◆ Task statement
Retype the records below exactly as they stand, but with no images.

===== Data records

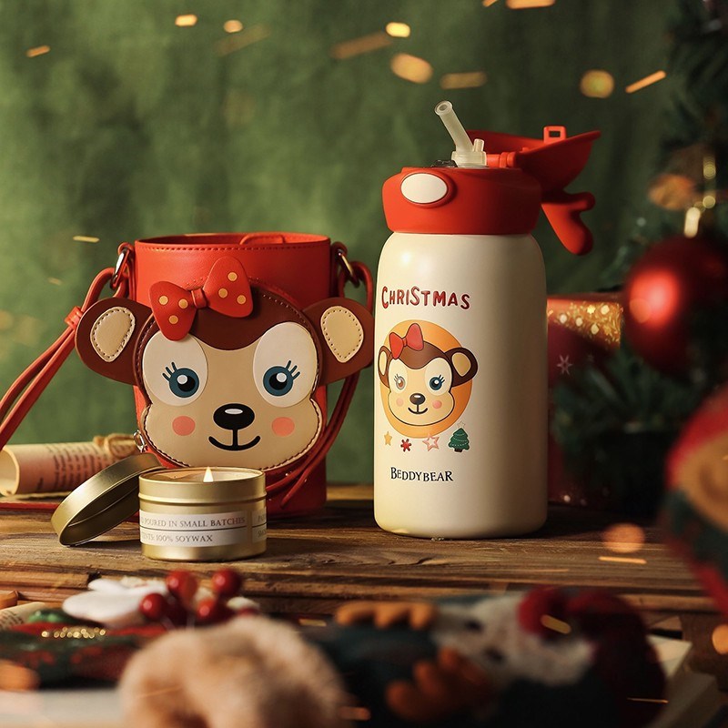 韩国杯具熊圣诞保温杯大脸鹿网红保温杯子男女童用保温杯
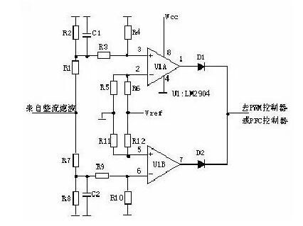 2、工作原理:AC輸入和DC輸入的開(kāi)關(guān)電源的輸入過(guò)欠壓保護(hù)原理大致相同。保護(hù)電路的取樣電壓均來(lái)自輸入濾波后的電壓。取樣電壓分為兩路,一路經(jīng)R1、R2、R3、R4分壓后輸入比較器3腳,如取樣電壓高于2腳基準(zhǔn)電壓,比較器1腳輸出高電平去控制主控制器使其關(guān)斷,電源無(wú)輸出。另一路經(jīng)R7、R8、R9、R10分壓后輸入比較器6腳,如取樣電壓低于5腳基準(zhǔn)電壓,比較器7腳輸出高電平去控制主控制器使其關(guān)斷,電源無(wú)輸出。
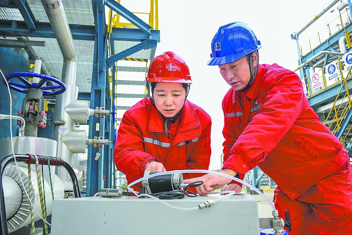 华东油气分公司CCUS调峰中心持续加强巡检和设备保养工作,每日向泰州采油厂二氧化碳驱油项目供应近700吨高纯度液碳,为增储上产注入绿色动能。图为2月24日员工进行液碳露点测量。本报记者 沈志军 摄 李 星 文
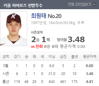 직전 경기에서 승리하며 연승을 기록한 키움은 이번경기 선발로 최원태 선수가 등판한
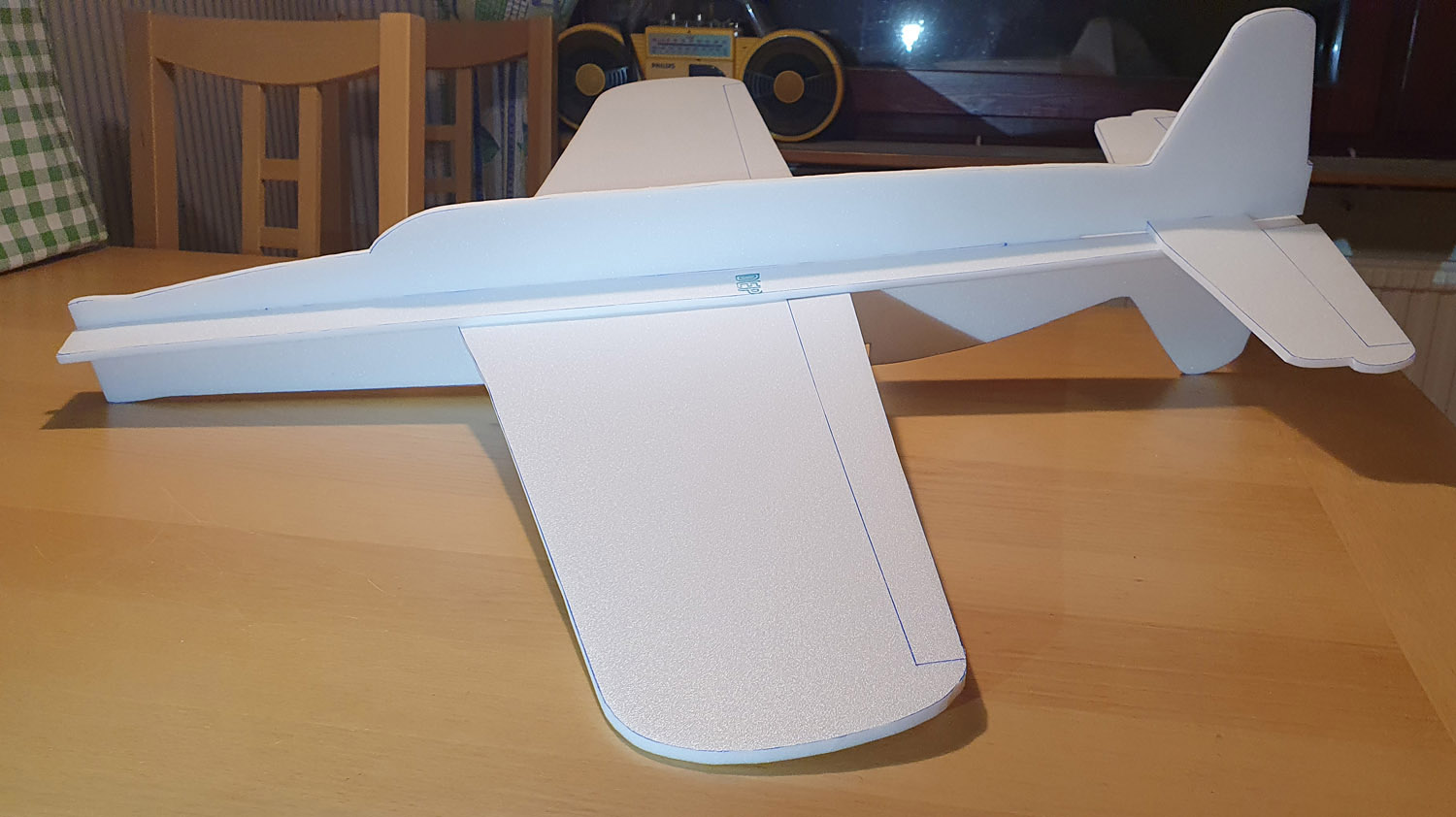 2024-09: Jag har tagit bort den bakre motorn och bytt ut motorn fram. Spännvidden och kordan är minskad samt även stabbe och kroppen har tagits ner i storlek.
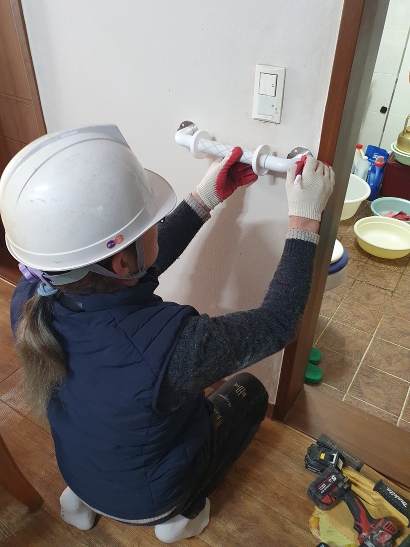 ▲ 동서발전 울산 노인·장애인 낙상사고 예방 안전손잡이 설치(사진=동서발전) |
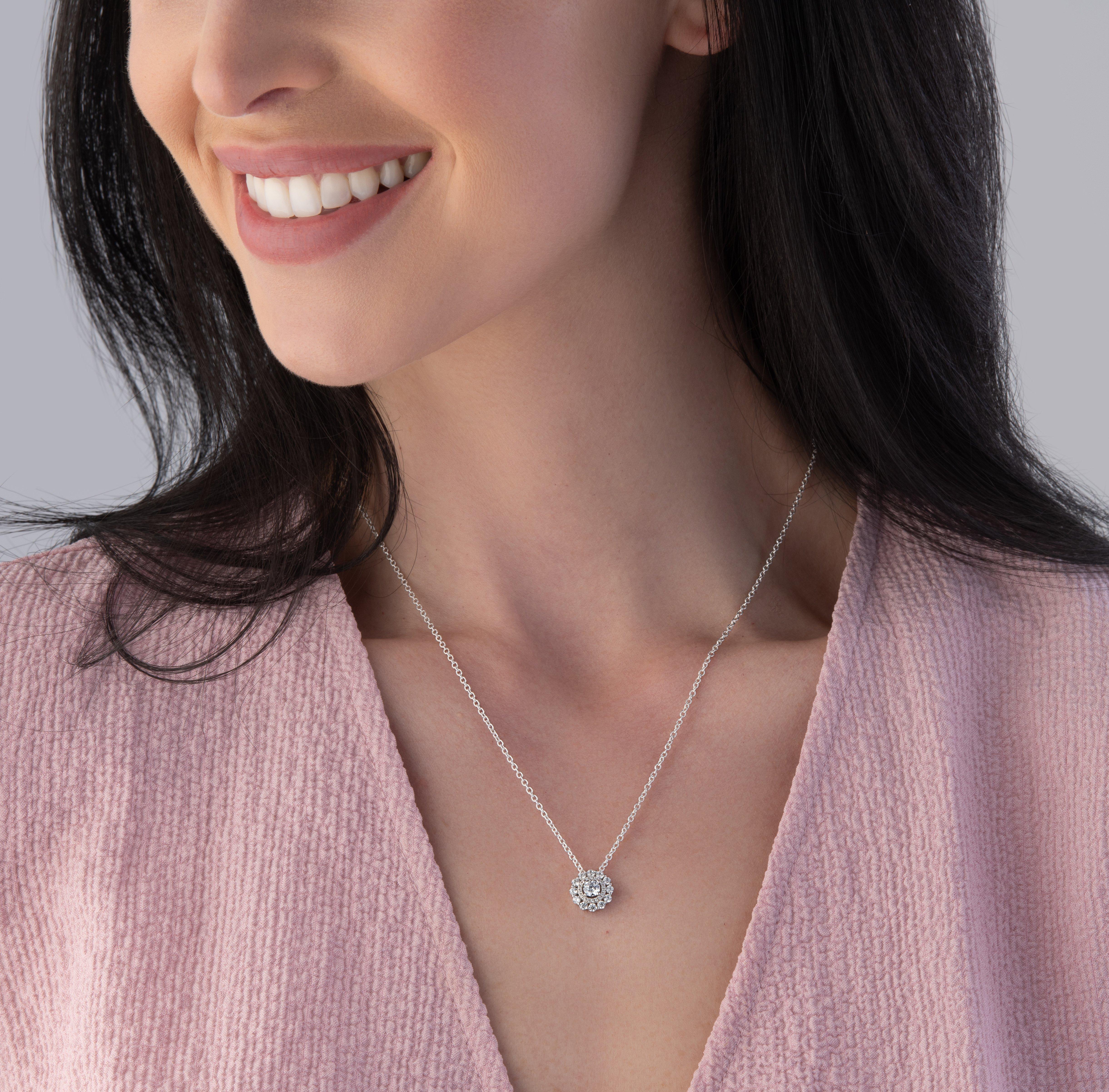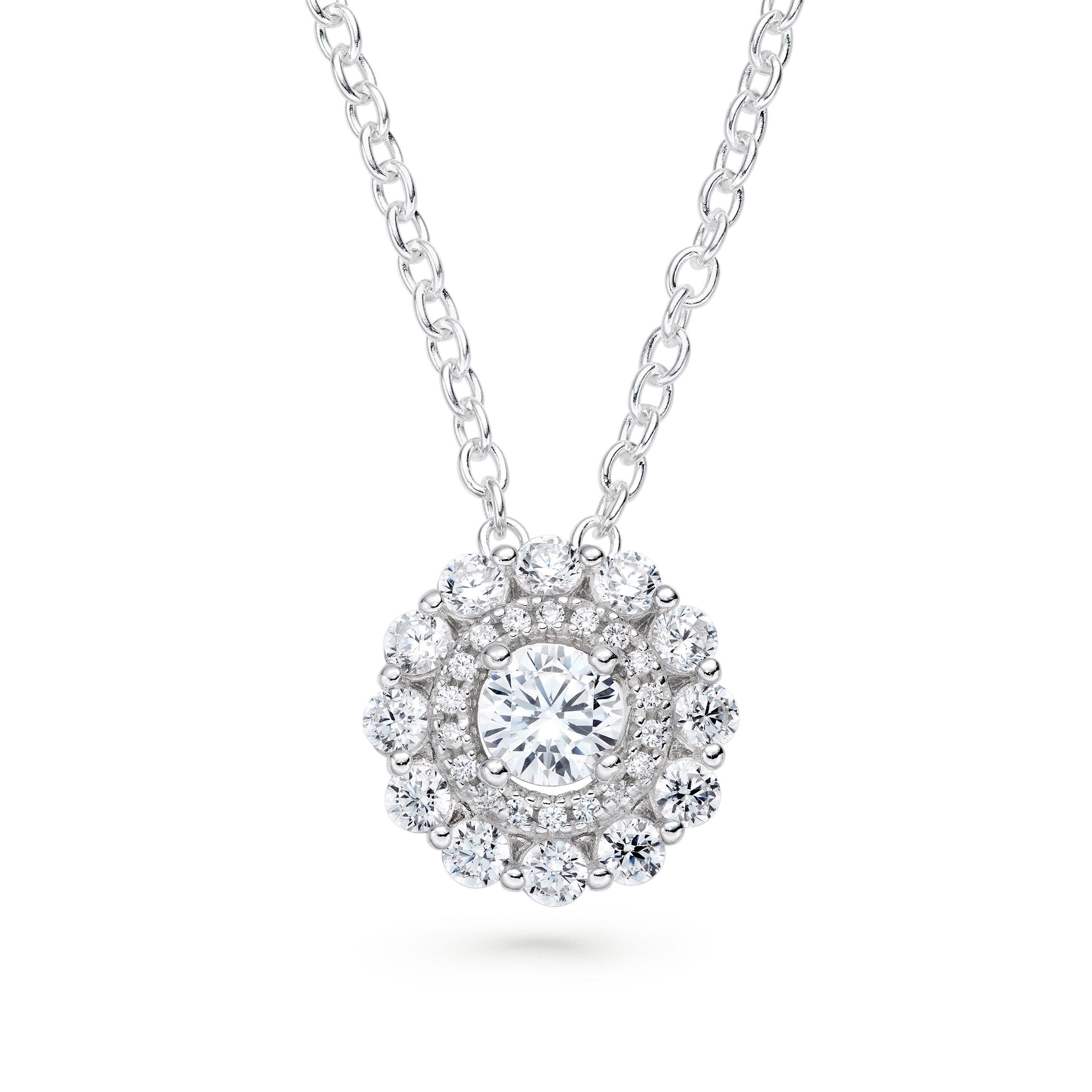 Sparkle all day everyday with this Silver Cubic Zirconia Double Halo Pendant, the perfect pendant for elevating your casual style. Pair with some sparkling earrings for the ultimate glamour.
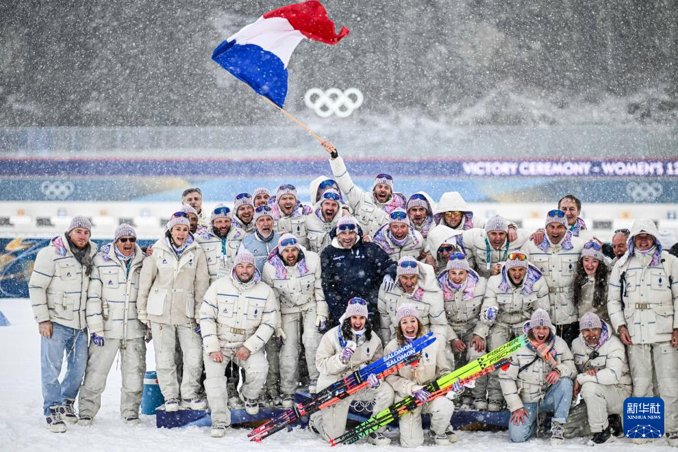2月21日,法国队成员在颁奖仪式上合影。
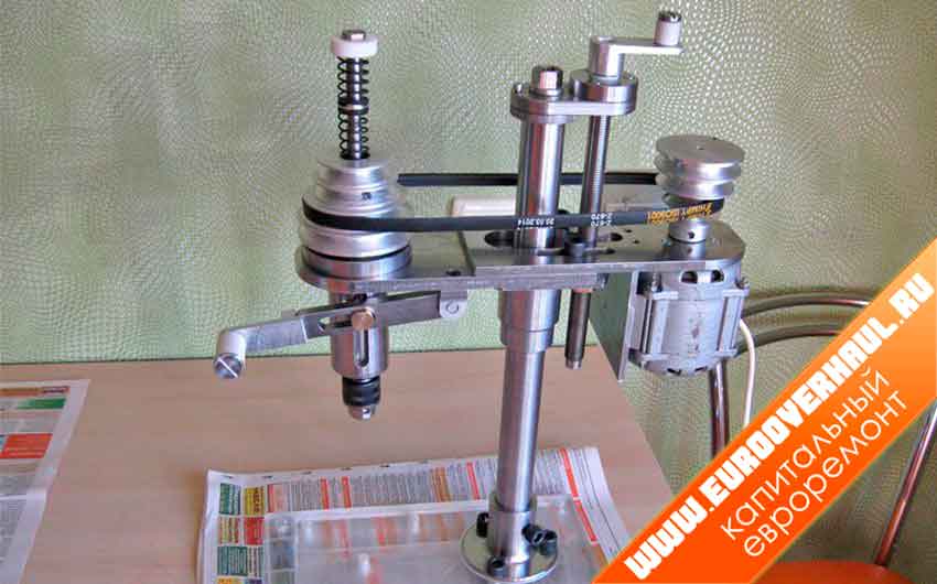 Заменить дрель в самодельном станке можно асинхронным двигателем, например от старой стиральной машинки. Схема изготовления такого станка сложная, поэтому лучше если ее будет делать специалист с опытом токарных и фрезеровочных работ, сборки электросхем.
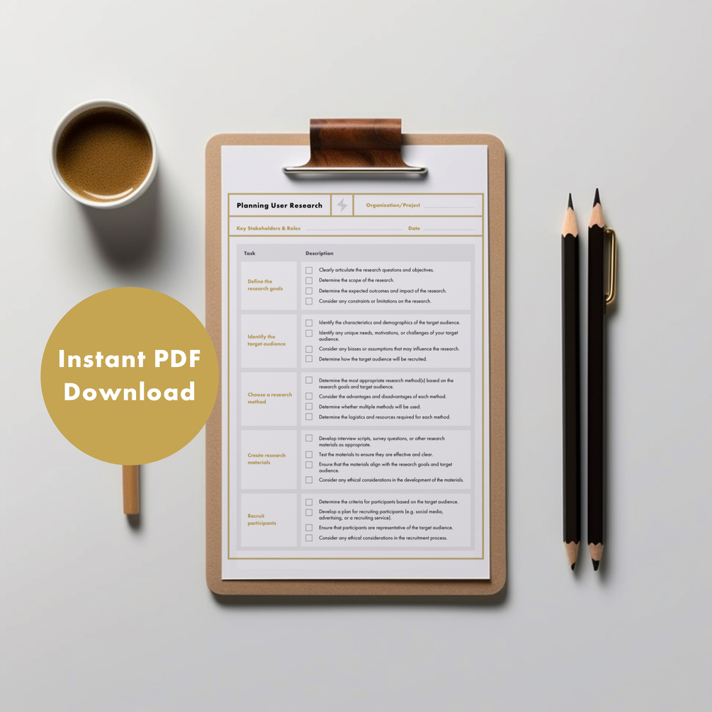 ⭐ At this store, my focus is to help you understand your users' needs, motivations, and preferences in order to create exceptional experiences. That's why I have curated a detailed and practical checklist that covers all the essential steps involved in planning user research.
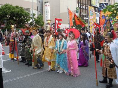 由课堂教师和中国留学生组成的“三国人物游行”队伍,通过展示中国传统服饰,向广大神户市民宣传了中国传统文化。

==========

◆ Result for this exercise
 韩国杯具熊圣诞保温杯大脸鹿网红保温杯子男女童用保温杯
 2、工作原理:AC輸入和DC輸入的開(kāi)關(guān)電源的輸入過(guò)欠壓保護(hù)原理大致相同。保護(hù)電路的取樣電壓均來(lái)自輸入濾波后的電壓。取樣電壓分為兩路,一路經(jīng)R1、R2、R3、R4分壓后輸入比較器3腳,如取樣電壓高于2腳基準(zhǔn)電壓,比較器1腳輸出高電平去控制主控制器使其關(guān)斷,電源無(wú)輸出。另一路經(jīng)R7、R8、R9、R10分壓后輸入比較器6腳,如取樣電壓低于5腳基準(zhǔn)電壓,比較器7腳輸出高電平去控制主控制器使其關(guān)斷,電源無(wú)輸出。
 华东油气分公司CCUS调峰中心持续加强巡检和设备保养工作,每日向泰州采油厂二氧化碳驱油项目供应近700吨高纯度液碳,为增储上产注入绿色动能。图为2月24日员工进行液碳露点测量。本报记者 沈志军 摄 李 星 文
 직전 경기에서 승리하며 연승을 기록한 키움은 이번경기 선발로 최원태 선수가 등판한
 2024-09: Jag har tagit bort den bakre motorn och bytt ut motorn fram. Spännvidden och kordan är minskad samt även stabbe och kroppen har tagits ner i storlek.
 ▲ 동서발전 울산 노인·장애인 낙상사고 예방 안전손잡이 설치(사진=동서발전) |
 Sparkle all day everyday with this Silver Cubic Zirconia Double Halo Pendant, the perfect pendant for elevating your casual style. Pair with some sparkling earrings for the ultimate glamour.
2月21日,法国队成员在颁奖仪式上合影。
 Заменить дрель в самодельном станке можно асинхронным двигателем, например от старой стиральной машинки. Схема изготовления такого станка сложная, поэтому лучше если ее будет делать специалист с опытом токарных и фрезеровочных работ, сборки электросхем.
 ⭐ At this store, my focus is to help you understand your users' needs, motivations, and preferences in order to create exceptional experiences. That's why I have curated a detailed and practical checklist that covers all the essential steps involved in planning user research.
 由课堂教师和中国留学生组成的“三国人物游行”队伍,通过展示中国传统服饰,向广大神户市民宣传了中国传统文化。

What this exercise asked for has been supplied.